Mechanical System
"The parts of the robot you can touch without breaking it. Because if you do that with electrical parts you might break it." -- Jack the MechE
In any robotic system, the mechanical system is always just as important as the electrical and software systems. There are two main portions of ROV-R that define the mechanical system: the chassis and the projectile launcher. The goal of the chassis was not only to provide a robust structural support for the whole robot, but to also house all the electronic components that were necessary to get the robot moving. The projectile launcher, which was part of the Minimum Viable Product, is designed to shoot marbles at high speeds.
Chassis
There are two parts to the chassis: the lower chassis and the upper chassis. The design of the lower chassis was designed based on a metal frame that was part of an omnidirectional wheel kit with which we started (linked here). This metal frame was adjusted from the original that came with the omnidirectional wheel kit. Our new design raised the chassis to minimize potential wires dragging on the ground. We also doubled the area of the chassis as we got more electrical components than our original size could handle. To fabricate this, it was designed as a flat plate in SolidWorks, cut from sheet metal using the plasma cutter, and the sides were bent in the metal shop.

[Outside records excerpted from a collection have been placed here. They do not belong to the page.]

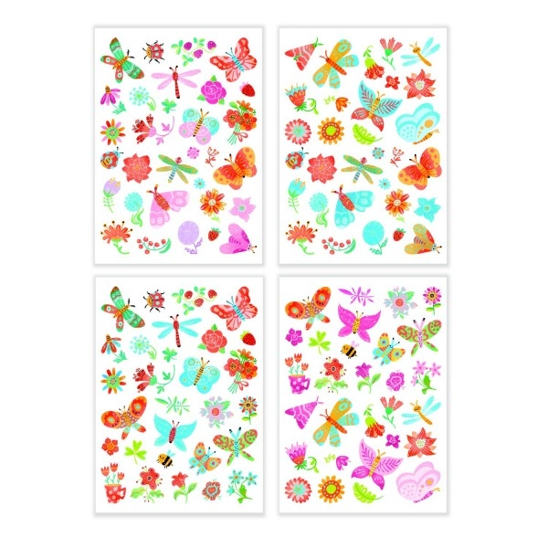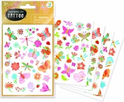 Rotā savu ādu ar maigiem dabas motīviem. Šajā pagaidu tetovējumu komplektā ir krāsaini tauriņi un ziedi, vienkārša uzklāšana 30 sekundēs un droša noņemšana ar ziepēm vai eļļu. Iepakojumā ietilpst 4 loksnes ar pavasara motīviem, piemērotas bērniem no 3 gadu vecuma.
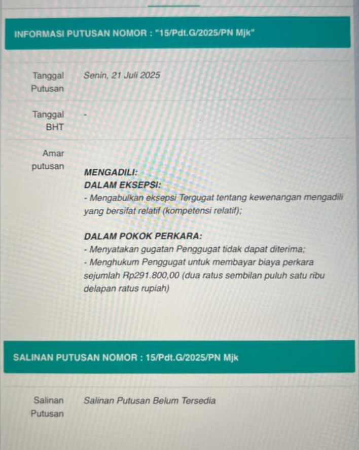 “Perkara kita menang, Pak. Gugatan PT SCA tidak diterima,” ujar Afiffatah, SH., kuasa hukum tergugat, melalui pesan singkat pada Senin (21/7/2025). Ia menegaskan bahwa perjuangan panjang dalam mencari keadilan akhirnya membuahkan hasil.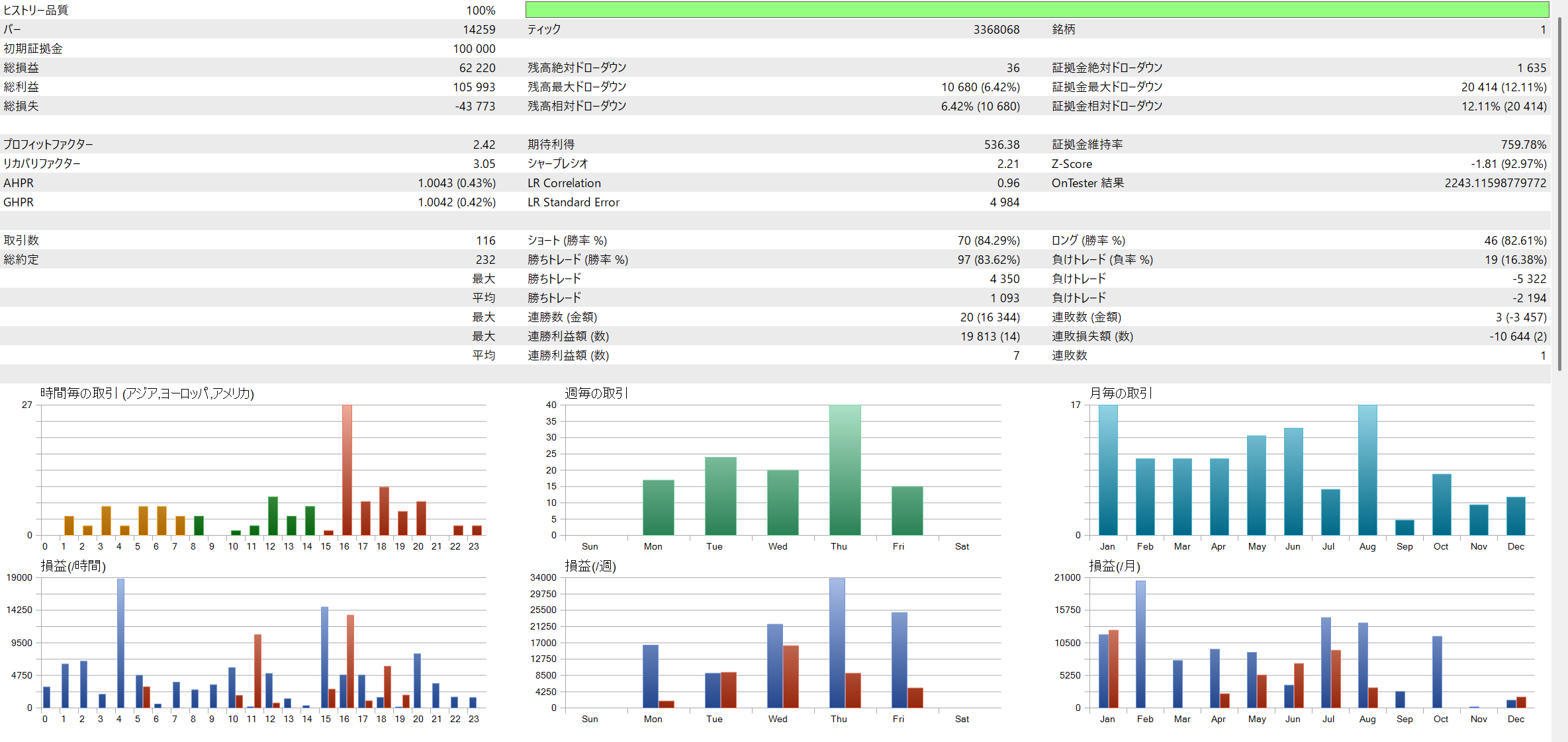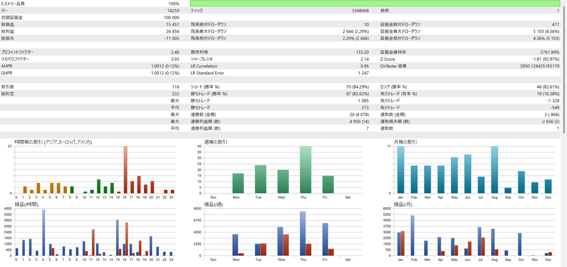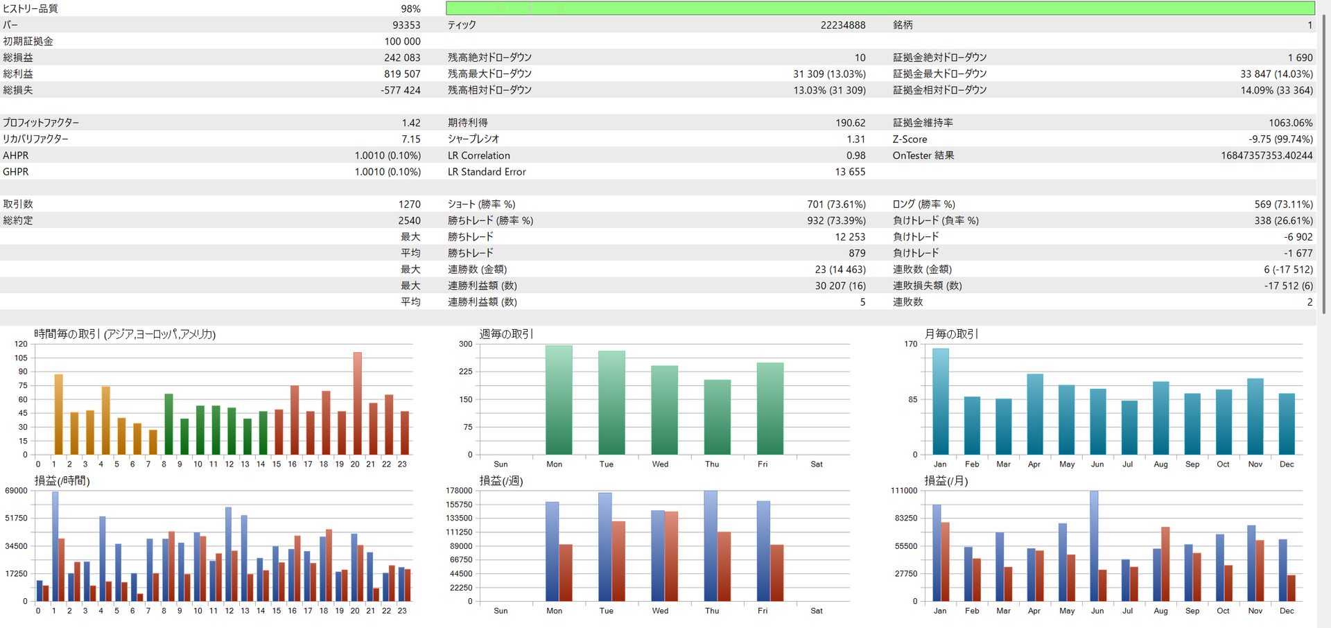 | EURJPY | 335,112 yen | 17.58% | 1.50 | 9.61 | 73.39% |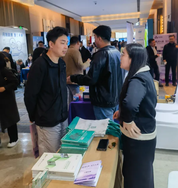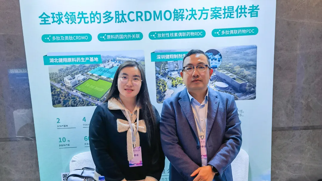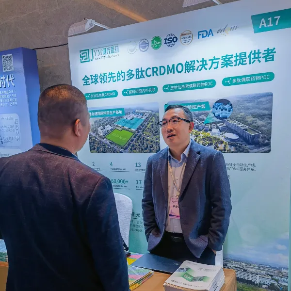 论坛现场A17展位上,健元医药的销售团队给客户耐心讲解我司在规模化生产、灵活定制合成以及国际合规等方面的优势。作为深耕多肽领域17年的全球多肽解决方案服务商,健元医药具备全产业链CRDMO服务能力,能够为客户提供从药物发现到商业化生产的一站式多肽解决方案。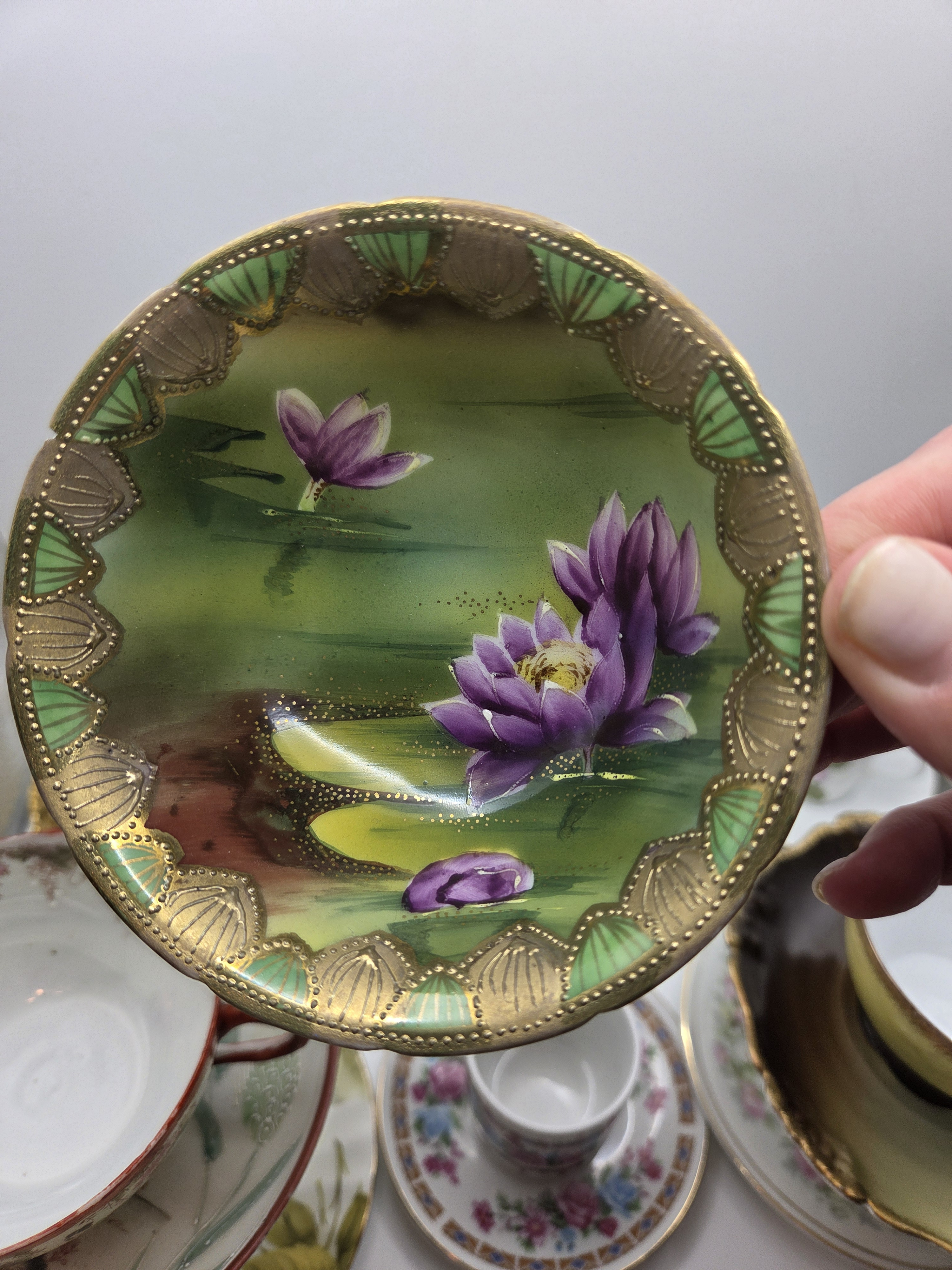 Physical Description: This teacup and saucer set features a delicate design of lily pads and flowers, accented with gold trim. The saucer has a scalloped edge and a vibrant green background with purple flowers. The teacup has a similar floral design and a gold rim. The dimensions are not specified, but typical teacup sizes range from 3 to 4 inches in height and 4 to 5 inches in diameter.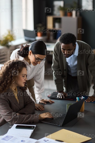 Три человека сотрудничают вокруг ноутбука во время офисной встречи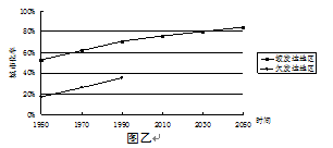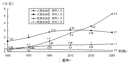 3、综合题 (20分)图甲是1950~2050年世界上较发达地区和欠发达地区城市人口与农村人口变化趋势示意图。据图回答问题。
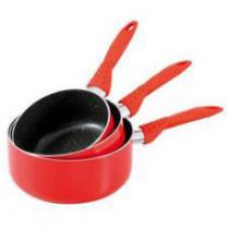 Set de 3 casseroles, revêtement intérieur en particules de pierre durcies, revêtement extérieur rouge en aluminium, manche de 16 cm en silicone rouge, compatible tous feux dont induction, cuisson sans ajout de matière grasse.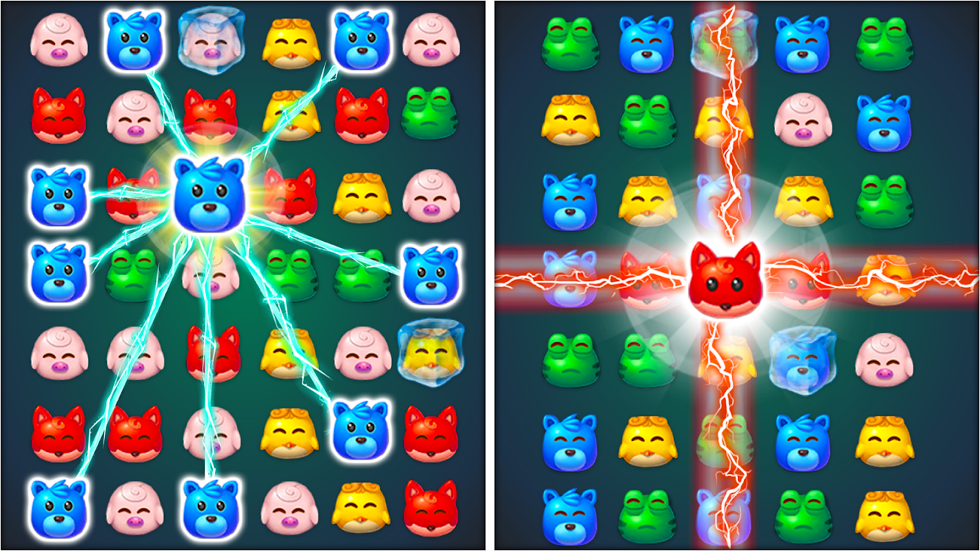😺 جانوروں کو جوڑیں اور ختم کرنے کے لیے ایک ہی رنگ کی 3 یا اس سے زیادہ ایک جیسی جانوروں کی ٹائلیں ملا دیں۔

The upper chassis, which houses our electronic components, was also designed in SolidWorks and then cut using the laser cutter on MDF plywood. On top of keeping our power supply and microcontrollers safe, it also acts as the ramp for our projectile launcher. We decided to give our projectile launcher a 30 degree incline so that the marbles shot can go a significant distance but also not fire too high above the robot’s line of sight.
Projectile Launcher
The projectile launcher is composed of four main components: the flywheels, the flywheel mount, the ammo compartment, and the loading mechanism. The flywheels needed to be more of a complex shape and therefore 3D printing was the ideal method of fabrication. They were initially based on nerf gun flywheels but later optimized for our marbles and altered to better fit our motors. Once printed the outsides of the flywheels were covered in a layer of rubber bands and electrical tape to allow for the marbles to be gripped.
The flywheel mount is a thing of beauty designed in SolidWorks. This was designed again based on a mount for a nerf gun but optimized for our project. It includes a track for the marbles that goes between the spots for the flywheels that also accounts for the angle change between the bottom of the ramp and the top of the roof.
The ammo compartment was designed to hold up to 12 marbles and release one at a time into the projectile launcher. Once printed, it was attached to the flywheel mount using acrylic weld to ensure it would not move, meaning the marbles would always drop consistently in front of the loading mechanism.
The loading mechanism consists of a servo and a small cylinder connected by a joint. The servo is attached to the bottom of the flywheel mounts so that the cylinder will push a marble forward into the flywheels when rotated 180 degrees. This type of cylinder was chosen because it was the perfect size to push the marbles effectively and not allow for marbles to fall out of the container behind it. Given more time, a mount would be created to hold this more firmly in place.